Meteu a mão no bolso esquerdo da capa e sacou um maço de cigarro e um isqueiro. Retirou um cigarro, acendeu, tragou, cuspiu a fumaça, tirou o cigarro da boca...e ficou pensando. Tanta coisa acontecera enquanto esteve longe de seu banco de praça. Tantos amigos. Tantos chopes. Tantas coisas engraçadas. Tantas mulheres. Tantos beijos, abraços, cumprimentos, risadas, bons momentos. Tantos lugares bons, tantos jogos divertidos, tantas bebidas maravilhosas, tantas aventuras. E que coisa engraçada, nada havia permanecido. Tudo passou.
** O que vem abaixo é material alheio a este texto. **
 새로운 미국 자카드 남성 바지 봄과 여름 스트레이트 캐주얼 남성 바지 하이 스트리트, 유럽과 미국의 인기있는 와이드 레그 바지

O vento voltou a soprar, e carregou para longe uma das folhas daquele chão de outono. Sim, pensei, aqueles momentos, desde a última vez que havia me sentado no banco de praça, eram cada um como uma daquelas folhas, que permaneciam ali no chão criando um ambiente bonito, poético, com o banco de praça ao fundo, o cara sentado fumando no escuro, apenas a lua iluminando a cena, como um holofote daqueles de monólogo de teatro. Aquela folha que voou na minha frente parecia um desses momentos que passam. E a vida agora, para mim, parecia o chão à minha frente: um campo aberto, sem nada a se preencher.
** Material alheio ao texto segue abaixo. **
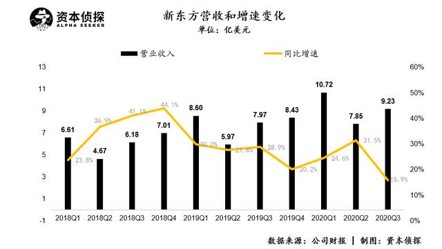 财报显示,新东方2020财年第三季度的营收和净利润录得双位增长。其中,营业收入为9.232亿美元,同比增长15.9%,环比增长17.6%。从过往三个财年的数据可以看出,新东方营业收入的同比增速呈放缓趋势,结合下一季度的业绩指引,接下来的营收同比变化会更加不乐观。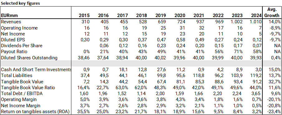 Overall, the market headwind and internal issues have made it extremely difficult for Kamux to make a turnaround. Kamux has downgraded its expectations twice in 2024, and guidance for 2025 is to improve margin. However, if it is possible to maintain their long-term target of 4% and increase revenue, the stock could be extraordinarily cheap compared to other stocks.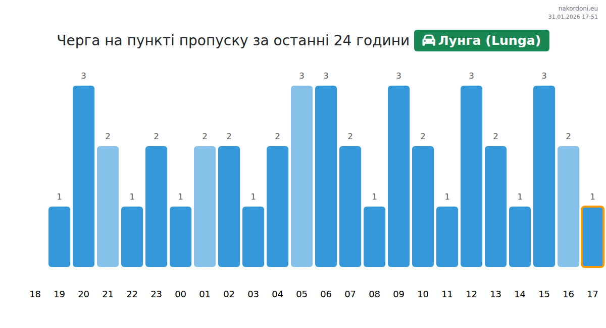 Аналіз черги на кордоні на пункті пропуску Лунга (Lunga) - легковий автомобіль за вчора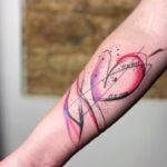 Tetování čáry, srdce, nápisy na předloktí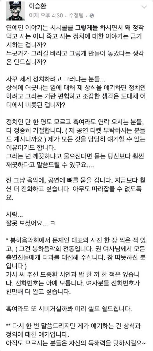 16일 이승환 씨는 자신의 페이스북에 “연예인 이야기는 시시콜콜 그렇게들 하시면서 왜 정작 먹고 사는 아니 죽고 사는 정치에 대한 이야기는 금기시하는 겁니까?”라며 “누군가가 그러길 바라고 그렇게 만들어 놓았다는 생각은 안 드십니까?”라는 글을 적었다.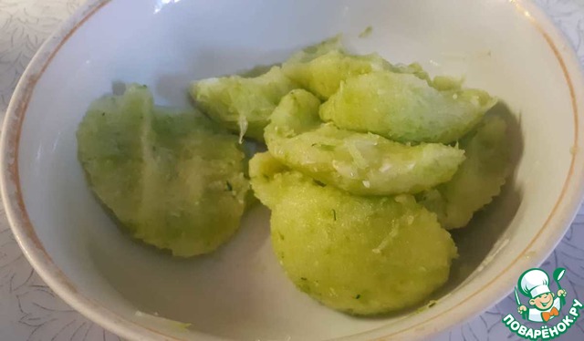 Жарить 10 минут до румяности кабачковой основы. Аккуратно выложить на большое блюдо.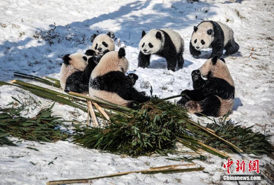 The County in northwestern Sichuan, where the Shenshuping Base of China Conservation and Research Center for the Giant Panda is located, was covered by snow on Thursday.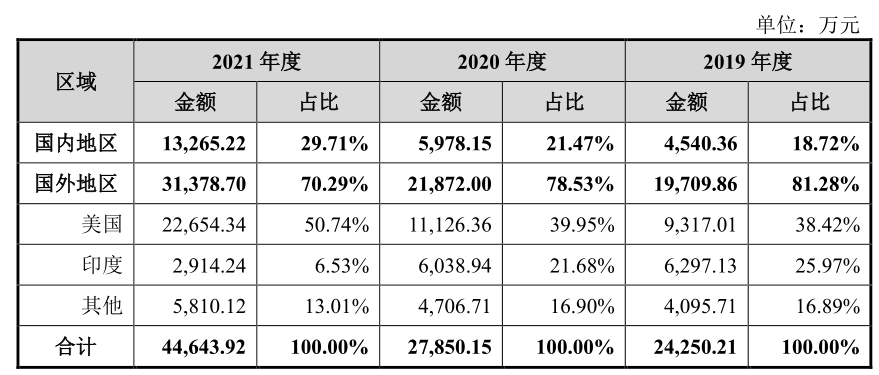 主营业务收入按地区构成情况 来源:泓博医药招股书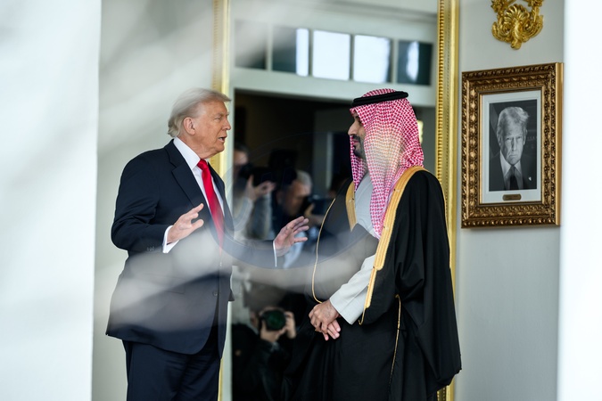 President Donald Trump and Crown Prince and Prime Minister Mohammed bin Salman Al Saud of Saudi Arabia speak on the West Colonnade of the White House, Tuesday, November 18, 2025., Credit:Daniel Torok / Avalon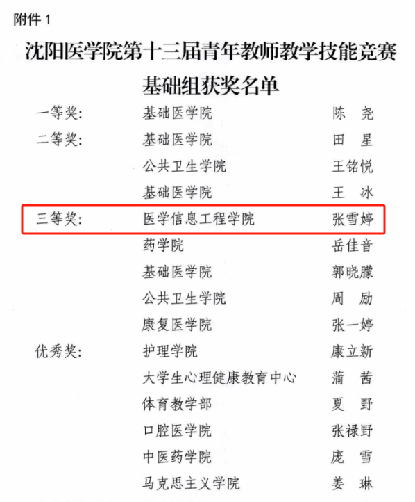 为落实立德树人根本任务,锤炼青年教师教学基本功,充分发挥教研室主任及老教师的引领、指导作用,进一步激发广大青年教师提高教学业务能力与水平,学校于11月14日、15日举办了“365best体育亚洲官网第十三届青年教师教学技能竞赛”。共有来自校本部、直属和非直属附属医院23个教学单位的31名青年教师参加决赛,其中365best体育亚洲官网张雪婷老师荣获“基础组竞赛三等奖”,其指导教师苗丽华老师荣获“优秀指导教师”。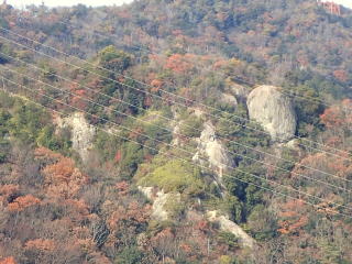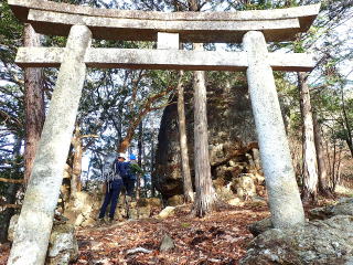| 10時10分:祇園山。ここには磐座神社の奥の院があり、鳥居の向こうには巨岩が鎮座していた。 | |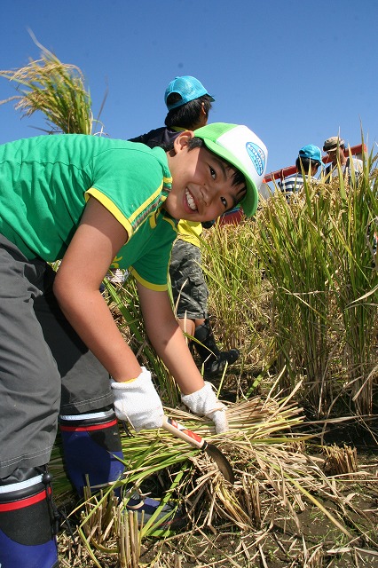 同市南区会富町のあぐりキッズ農園で育ったサツマイモを収穫。スクール生らはJA青壮年部員らにスコップで土を掘り起こしてもらうと、埋まっているサツマイモを夢中で掘り当てました。稲刈りでは職員から稲刈りの指導を受けると、鋸鎌(のこがま)を使い刈り取り。コンバインが脱穀する様子を見学しました。

Como realmente o tempo havia passado. Dois? Três? Quatro anos? Como uma mola comprimida pela imagem da folha, as lembranças começaram a voltar à mente dele. Agora não pareciam tão boas assim. A derrota do Brasil na Copa, frustrações amorosas, pessoais e profissionais, erros cometidos pelo caminho, besteiras que não precisavam ser ditas, mancadas verbais e físicas, dores, choros, sofrimento. A música que lembrava quem ele queria esquecer, as músicas que recordavam seu tempo de infância e quase o levavam às lágrimas, as coisas que fizera e que achava que tinham sido perda de tempo. E que coisa engraçada, nada havia permanecido. Tudo passou.
Novamente o vento soprou, agora mais forte, trazendo poeira e mais folhas em plena madrugada de outono. Fechou os olhos com força e baixou a cabeça, tentando evitar que a poeira atingisse seus olhos. O cigarro apagou. Mais folhas pararam na frente do banco. Ele abriu os olhos devagar. Como que teimando, o vento voltou a soprar, em uma brisa muito leve, e levou as folhas embora de novo, deixando o chão vazio.
Larguei o cigarro, as lágrimas começaram a rolar pelo rosto. Retirei as mãos dos bolsos e levei aos olhos, soluçando. Não conseguia me conter. Chorava. A natureza agora decidira ser metafórica e falar de acordo com meus sentimentos? Até ela estava contra mim agora, decidira ventar e levar para longe o que era bom e o que fora ruim? Como se já não bastasse todas as dúvidas, ainda havia algo de metafórico naquilo tudo? O que fora a minha vida no tempo em que não estive sentado no banco do parque, ou da praça, ou seja lá qual for o banco? Um amontoado de folhas que embelezam a paisagem e são carregadas embora pelo vento? Uma imagem poética de um texto de blog “madrugante” (considerando que “madrugante” não é necessariamente um texto escrito pelo Seu Madruga) ? O que, afinal, eu construíra durante esse tempo do lado de fora do parque, longe do banco mas nem tanto assim?
E como que respondendo, o vento soprou novamente, atingindo seu rosto com força. Ele enxugou as lágrimas, tentou se controlar. Não sabia. Não tinha as respostas prontas. Nem com quem conversar, agora que o vento levara tudo. Então, pegou o cigarro e o atirou longe, e voltou as mãos aos bolsos. Parou de pensar. Ficou apenas contemplando a paisagem do parque “madrugante” (que não, não necessariamente é o parque onde mora o Seu Madruga). Olhando a sombra das árvores escuras, o brilho das estrelas no horizonte, a lua que o iluminava, como num daqueles velhos monólogos de teatro. Se não tinha nada, então olharia o que estava em volta, sem se preocupar.
E o vento soprou pela última vez, trazendo folhas que passaram e deixando outras aos pés dele, em meio à fria madrugada de outono.